Sports Injuries Can Be Forever

November 12th, 2007



Many sports injuries cause a progressive permanent osteoarthritis that will prevent a person from exercising to cause the very diseases that a regular exercise program is supposed to prevent. Sports medicine surgeon James Garrick, writing in the medical journal Lancet (December 2005), explains why. You are supposed to exercise. It makes you stronger, faster, healthier and may even prolong your life. However, every time you exercise, you risk injury and many sports injuries last forever. Depression, heart attacks, strokes, obesity and diabetes are all associated with a sedentary lifestyle. A twisted ankle can change an active person into a sedentary one. A torn anterior cruciate ligament or meniscus of the knee has a greater than 50 percent chance of causing permanent pain within five years, regardless of the treatment.

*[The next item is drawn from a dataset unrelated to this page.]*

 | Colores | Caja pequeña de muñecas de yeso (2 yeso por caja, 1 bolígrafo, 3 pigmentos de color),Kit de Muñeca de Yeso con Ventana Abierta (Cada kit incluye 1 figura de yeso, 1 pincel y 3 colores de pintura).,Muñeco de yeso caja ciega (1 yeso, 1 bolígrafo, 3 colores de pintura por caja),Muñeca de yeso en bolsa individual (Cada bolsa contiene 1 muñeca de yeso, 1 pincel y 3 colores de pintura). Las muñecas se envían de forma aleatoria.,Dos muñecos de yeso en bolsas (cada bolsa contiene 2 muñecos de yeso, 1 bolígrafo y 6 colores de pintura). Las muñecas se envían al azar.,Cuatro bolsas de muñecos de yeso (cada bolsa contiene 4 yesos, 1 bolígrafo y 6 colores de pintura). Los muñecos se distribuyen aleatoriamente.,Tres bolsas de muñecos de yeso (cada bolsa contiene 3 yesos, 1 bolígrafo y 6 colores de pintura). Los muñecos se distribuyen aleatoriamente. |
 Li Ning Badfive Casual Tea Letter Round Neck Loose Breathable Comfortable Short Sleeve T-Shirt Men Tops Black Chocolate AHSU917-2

If you tear your anterior cruciate ligament of you knee, you must have it repaired as soon as possible. After it is repaired at surgery, you have an almost certain chance of tearing it again if you try to return to a competitive sport. When your heel hits the ground during running, your foot stops moving suddenly, forcing the upper femur bone to slide forward on the lower tibia bone at the knee. The anterior cruciate ligament prevents the femur from sliding too far forward and shearing off the cartilage in your knee. Once you tear your anterior cruciate ligament (ACL), even if it is successfully repaired, you have a weaker ACL that still lets the top femur slide forward on the tibia and shear off cartilage. So running causes you to lose cartilage until you lose it all, bone rubs against bone and you hurt 24 hours a day. The only treatment then is a knee replacement. So anyone who has broken cartilage or ACL in his or he knee should never run again for the rest of his or her life.

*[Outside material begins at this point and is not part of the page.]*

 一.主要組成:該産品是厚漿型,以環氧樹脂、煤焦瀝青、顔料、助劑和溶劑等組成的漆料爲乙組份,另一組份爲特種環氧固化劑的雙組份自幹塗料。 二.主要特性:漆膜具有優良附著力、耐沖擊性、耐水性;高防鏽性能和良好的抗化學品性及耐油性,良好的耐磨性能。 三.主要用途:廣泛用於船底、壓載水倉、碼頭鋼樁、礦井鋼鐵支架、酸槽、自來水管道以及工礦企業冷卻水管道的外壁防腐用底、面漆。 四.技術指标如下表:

On the other hand, strengthening the muscles of your upper leg stabilizes the knee and helps to delay and prevent a knee replacement. Anyone with broken cartilage or a torn anterior cruciate ligament in the knee should try to pedal a bicycle every day. Pedaling is done in a smooth rotary motion without sudden stopping, so it does not cause sudden forward movement of the femur on the tibia and does not shear off additional cartilage from the knee joint. If you pedal against increasing resistance you will strengthen the muscles around the knees and increase their stability so there is less wear on the cartilage.